The success of the superb Haydn Variations for orchestra of 1873 seemed to convince Brahms that he could complete his initial symphony, and in the summer of 1874 he began two years of labor — revising, correcting, perfecting — before he signed and dated the score of the First Symphony in September 1876. He was at work right up to the premiere, making alterations after each rehearsal. The C minor Symphony met with a good but not overwhelming reception. It was considered by some to be stern and ascetic, lacking in melody (!). One critic suggested posting signs in concert halls warning: “Exit in case of Brahms.” But Brahms’ vision was greater than that of his audiences, and some time was needed by listeners to absorb the manifold beauties of this work. It is a serious and important essay (“Composing a symphony is no laughing matter,” according to Brahms), one that revitalized the symphonic sonata form of Beethoven and combined it with the full contrapun-tal resources of Bach, a worthy successor to the traditions Brahms revered. In the years since its premiere, it has become the most performed of Brahms’ symphonies and one of the most cherished pieces in the orchestral literature.

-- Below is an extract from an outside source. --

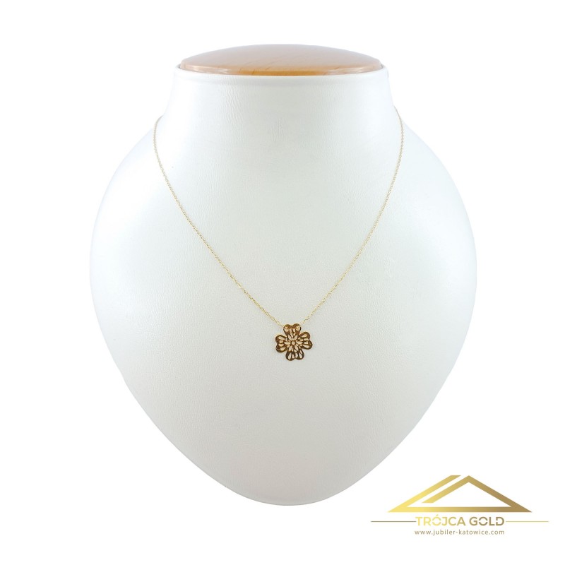 Złota celebrytka w kształcie ażurowej koniczynki to piękna biżuteria, która świetnie sprawdzi się w codziennej stylizacji oraz będzie idealna na wieczorne wyjście jako delikatny dodatek do wyszukanej kreacji.

The success and popularity of the First Symphony are richly deserved. It is a work of supreme technical accomplishment and profound emotion, of elaborate counterpoint and beautiful melody. Even to those who know its progress intimately, it reveals new marvels upon each hearing. The first movement begins with a slow introduction in 6/8 meter energized by the heart-beats of the timpani supporting the full orchestra. The violins announce the upward-bounding main theme in the faster tempo that launches a magnificent, seamless sonata form. The second movement starts with a placid, melancholy song led by the violins. After a mildly syncopated middle section, the bittersweet melody returns in a splendid scoring for oboe, horn and solo violin. The brief third movement, with its prevailing woodwind colors, is reminiscent of the pastoral serenity of Brahms’ earlier Serenades.

The finale begins with an extended slow introduction based on several pregnant thematic ideas. The first, high in the violins, is a minor-mode transformation of what will become the main theme of the finale, but here broken off by an agitated pizzicato passage. A tense section of rushing scales is halted by a timpani roll leading to the call of the solo horn, a melody originally for Alphorn that Brahms collected while on vacation in Switzerland. The introduction concludes with a noble chorale intoned by trombones and bassoons, the former having been held in reserve throughout the entire Symphony just for this moment. The finale proper begins with a new tempo and one of the most famous themes in the repertory, a stirring hymn-like melody that resembles the finale of Beethoven’s “Choral” Symphony. (When a friend pointed out this affinity to Brahms he shot back, “Any fool can see that!”) The movement progresses in sonata form, but without a development sec-tion. The work closes with a majestic coda in the brilliant key of C major featuring the trombone chorale of the introduction in its full splendor.

Of Brahms’ symphonies, and this one in particular, Lawrence Gilman wrote, “The essential fact to remember and to celebrate about Brahms is that he possessed not only the mechanisms of the grand style, but that he was able to exert it as a vehicle for ideas of authentic greatness, and he achieved this miracle with a continence, a sense of balance and proportion, an instinct for the larger contours as well as the finer adjustments of musical design, that were almost unerring.”